Source information below:

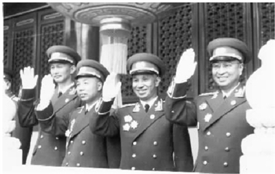 陈赓与粟裕、洪学智等在天安门城楼上。
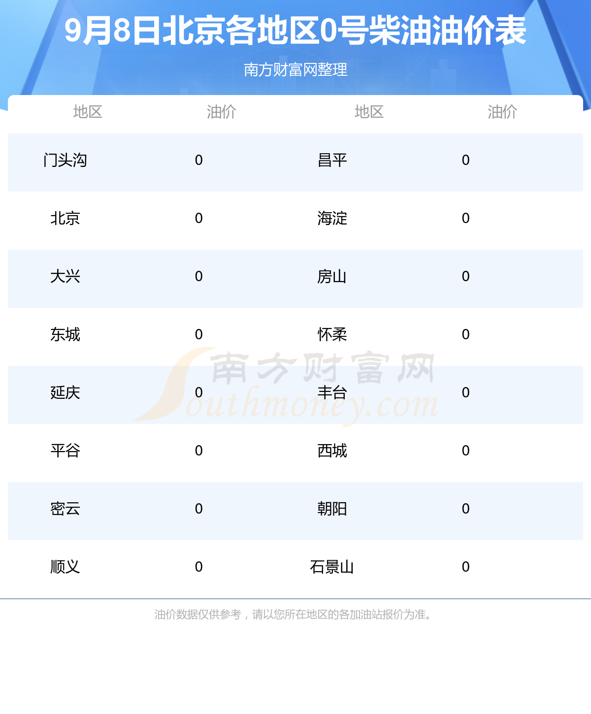 北京各地区最新0号柴油油价表
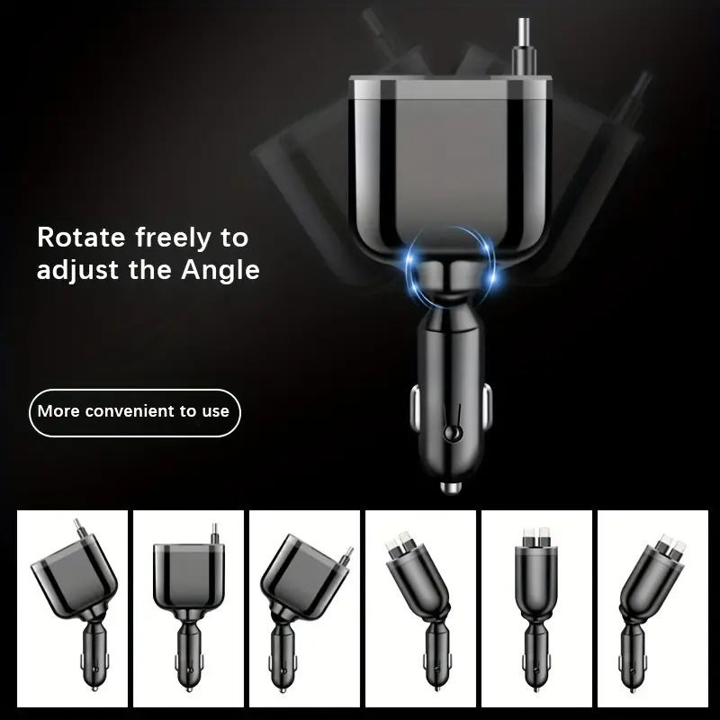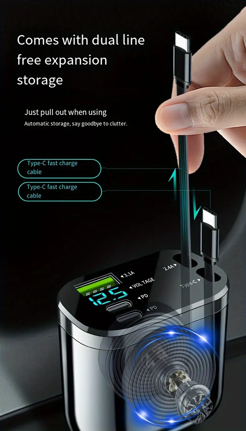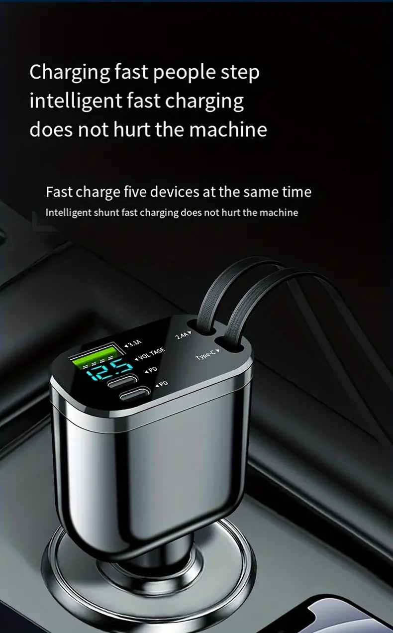 4-в-1 Быстрая зарядка для автомобиля с выдвижным кабелем, два порта PD
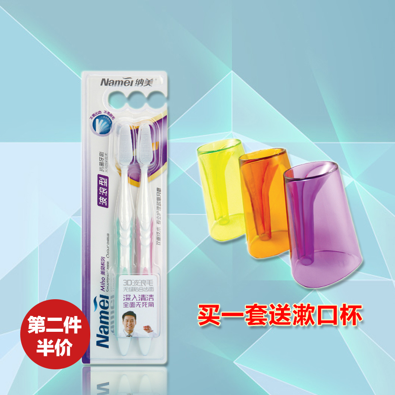 纳美纳米软毛牙刷波浪型刷毛2004牙缝清洁送漱口杯一个包邮
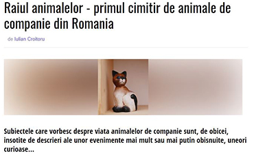 Articol "Animalul de companie între dragoste şi idolatrie"- Ziarul Lumina : "Undeva, la marginea Bucureştiului, în comuna Căţelu, pe strada Apusului, funcţionează "Raiul animalelor", primul şi unicul cimitir de necuvântătoare din România. Aici sunt înhumate aproape 3.000 de animale de companie şi incinerate aproximativ 900.."
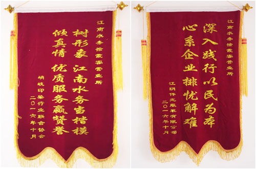 心系企業,贏得贊譽。10月7日,峭岐印染行業聯合協會和偉龍服裝公司送來錦旗,感謝公司主動作為、服務企業,將峭璜路管道與長山大道主管道連接,使峭岐區域形成環狀供水網,有效提升了水壓、水量,保障了用水需求,為企業發展提供了支撐。
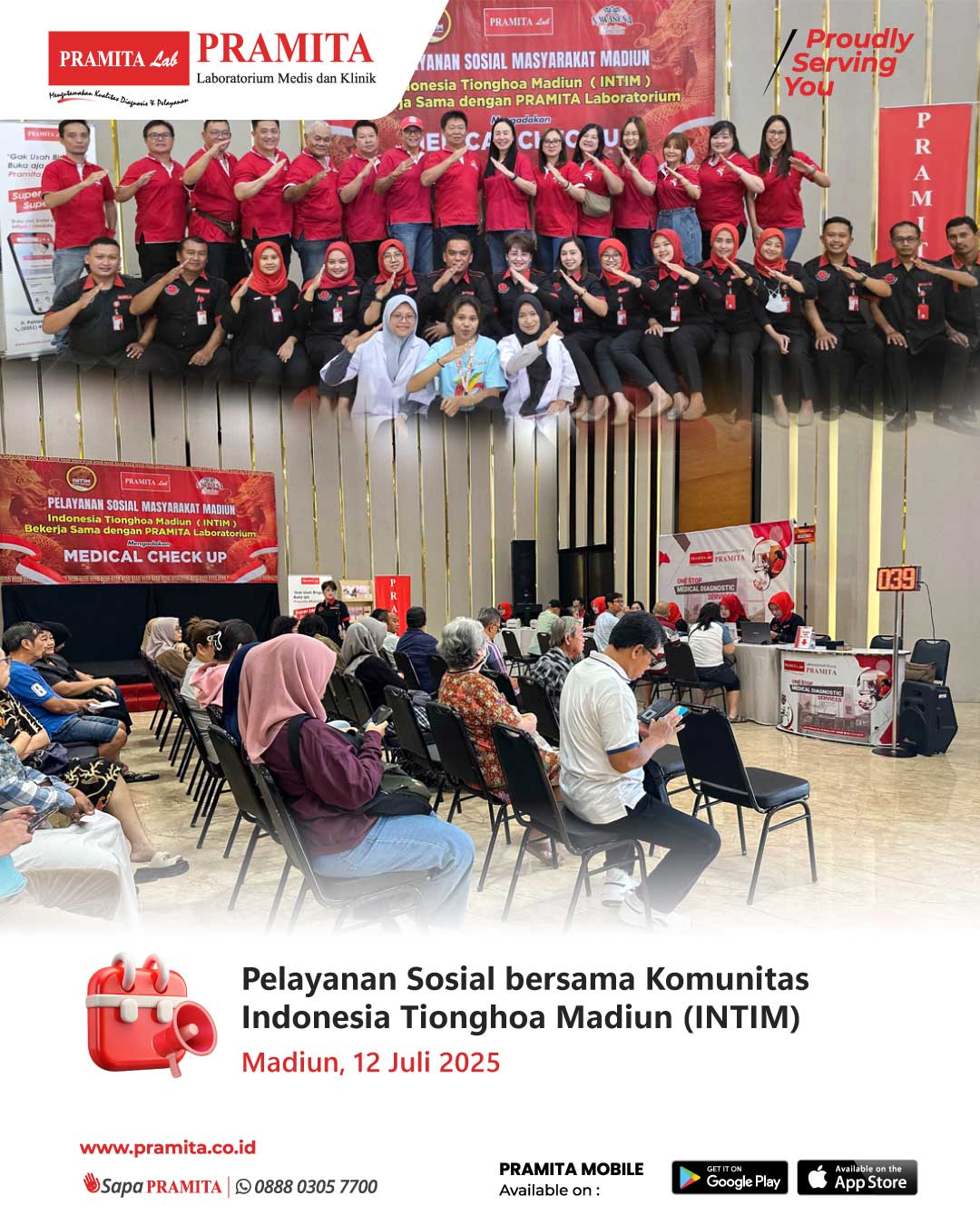 Fri, 25 Jul 2025Pada tanggal 12 Juli 2025, PRAMITA Cabang Madiun berkolaborasi dengan Komunitas Indonesia Tionghoa Madiun (INTIM) mengadakan kegiatan Pelayanan Sosial yang bertempat di Nawasena Madiun. Kegiatan ini dihadiri oleh sekitar 300 peserta dari komunitas INTIM dan masyarakat umum. Dalam kesempatan ini, PRAMITA memberikan diskon spesial untuk beberapa paket pemeriksaan serta diskon 25% untuk pemeriksaan rutin lainnya. Tampak antusiasme peserta, karena lebih dari 260 orang memanfaatkan kesempatan te...
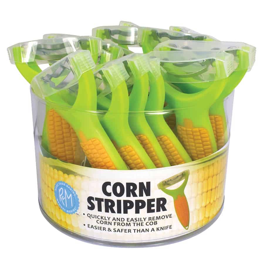Quickly remove corn from the cob with our Corn Stripper. Saves time with a sharp blade and comfortable handle. Pull Corn Stripper along corn lengthwise while gently pressing down and away from hand holding the corn. For best results use horizontally on a flat surface. Easier and safer than a knife! Hand wash in warm soapy water, dry thoroughly before and after each use. Plastic & Stainless steel. 7″L. 24 pcs per bucket.
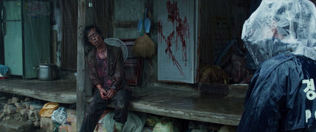 Jong-gu and his partner torment a Japanese man who recently moved in (Jun Kunimura of Chaos, Audition and Kill Bill), illegally searching and destroying his property. When the Japanese man’s dog is killed and he’s chased almost to death through the woods I started to feel bad for him, but then again he’s got a photo wall of the recent killers and victims at home, and turns out to be an evil ghost. There’s a mysterious woman who may also be a ghost, a showy shaman (Hwang Jung-min of A Bittersweet Life), naked cannibals and blood-eyed zombies, and the police all seem outmatched. Oh, and someone gets struck by lightning. I’m not always sure which parts were plot twists, and which parts were just me not being able to follow where the horror is supposed to be coming from now.
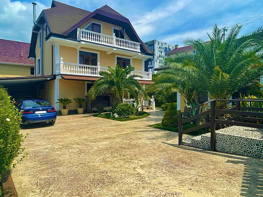 Закрытая территория, ландшафтный дизайн (пальмы, туи, озеленение), большая закрытая летняя терраса с кухонной зоной, телевидением, декоративный фонтан в виде кувшинов, парковочное место на шесть автомобилей.

End of Source information.

Exactly and only the lines from the top of the records down to the line containing "纳美纳米软毛牙刷波浪型刷毛2004牙缝清洁送漱口杯一个包邮" should be transcribed, please, without the pictures.

 陈赓与粟裕、洪学智等在天安门城楼上。
 北京各地区最新0号柴油油价表
 4-в-1 Быстрая зарядка для автомобиля с выдвижным кабелем, два порта PD
 纳美纳米软毛牙刷波浪型刷毛2004牙缝清洁送漱口杯一个包邮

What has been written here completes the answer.